With no suitable or attractive assets to invest in amid low interest rates, the market is seeing more and more investors parking their money -- mostly savings -- into stock or mutual trust accounts offered by brokerages rather than banks’ savings accounts.
Offering higher yields than deposit rates and relatively stable returns over the benchmark interest rates with flexible transactions, brokerages saw their outstanding balance of cash management accounts reach a record 52.6 trillion won ($46.3 billion) last month.
At the same time, the outstanding balance of retail borrowings for stock trading soared back to around 7 trillion won on expectations of shares rallying further driven by demand for higher returns, according to the Korea Financial Investment Association.

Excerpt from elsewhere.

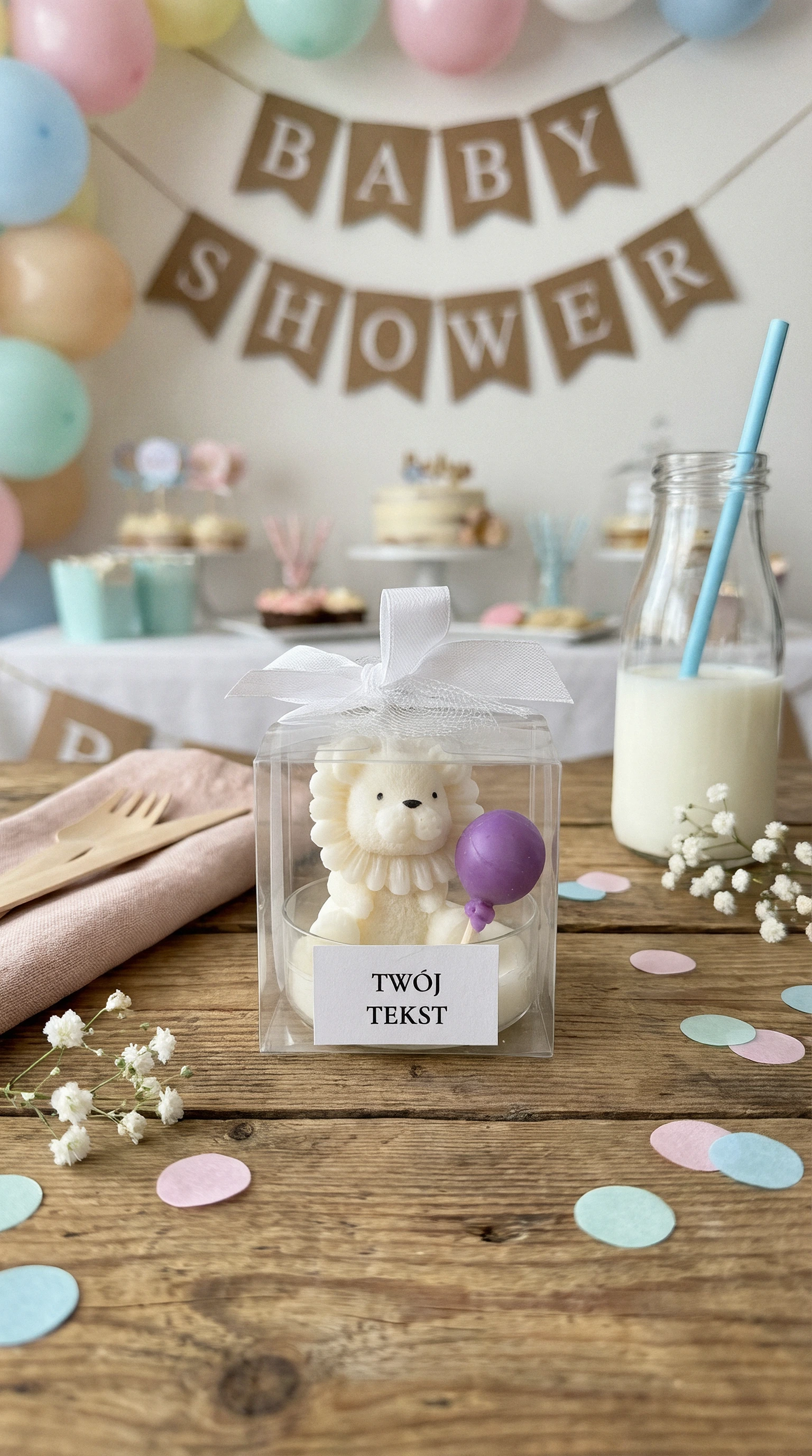 Podziękuj swoim gościom w wyjątkowy sposób – ręcznie robioną świecą sojową z uroczym lewkiem, zapakowaną w eleganckie pudełeczko z personalizowaną etykietą

“There aren’t many investment products out there nowadays, perhaps other than individual savings accounts or pension funds, that can help people gain better returns for their future or retirement,” said an industry source.
“CMAs and funds investing in baskets of equities or high-graded bonds can be attractive without having to worry about losing a lot of money, although principals in those investment types are not guaranteed,” according to the source.
Stock accounts with deposits invest in commercial papers, bonds issued by public enterprises, short-term instruments and shares of companies with sound fundamentals, which has made them popular since their introduction in the market about a decade ago, especially among salaried workers. Those accounts enable subscribers to pay their monthly utility bills via automatic transactions on relaxed regulations.
Margin trading on borrowed money with low interest rates reached a record as well, after a sharp decline to some 6 trillion won early this year from almost 9 trillion won a year ago. Borrowed funds have been mostly flowing into the tech-heavy KOSDAQ shares.
With funds -- borrowed or from personal savings -- moving into stocks, the Korean stock market saw its benchmark KOSPI surpass 2,000 points last week, despite forecasts of slower growth this year, with the manufacturing industry losing luster in exports on weaker global demand.
The Bank of Korea lowered its growth projection to 2.8 percent from 3 percent, following the International Monetary Fund’s 2.7 percent down from 3.2 percent on the back of a weaker global economy stemming from rising debt and aging society in developed economies.
The benchmark KOSPI edged past the 2,000 mark a week ago driven by net foreign buys, but analysts cautioned that stocks will bound to face corrections and volatility with the U.S. Federal Reserve gearing up for a rate rise later this year.
“Stocks could further rise until the end of this month, with the possibility of volatility increasing around the Federal Open Market Committee meeting next week when the Fed can signal a rate rise later this year,” said Kwak Hyun-soo, an analyst at Shinhan Investment.
Historical data showed that Korea's stock market has suffered in May since 2010, beginning with economies of Greece, Ireland, Italy, Portugal and Spain facing debt crises six years ago, followed by growing concerns over U.S. quantitative easing program coming to an end in 2011, then Greece’s debt default a year after with a signal of ending near-zero interest rates from then-Fed chairman Ben Bernanke in 2013.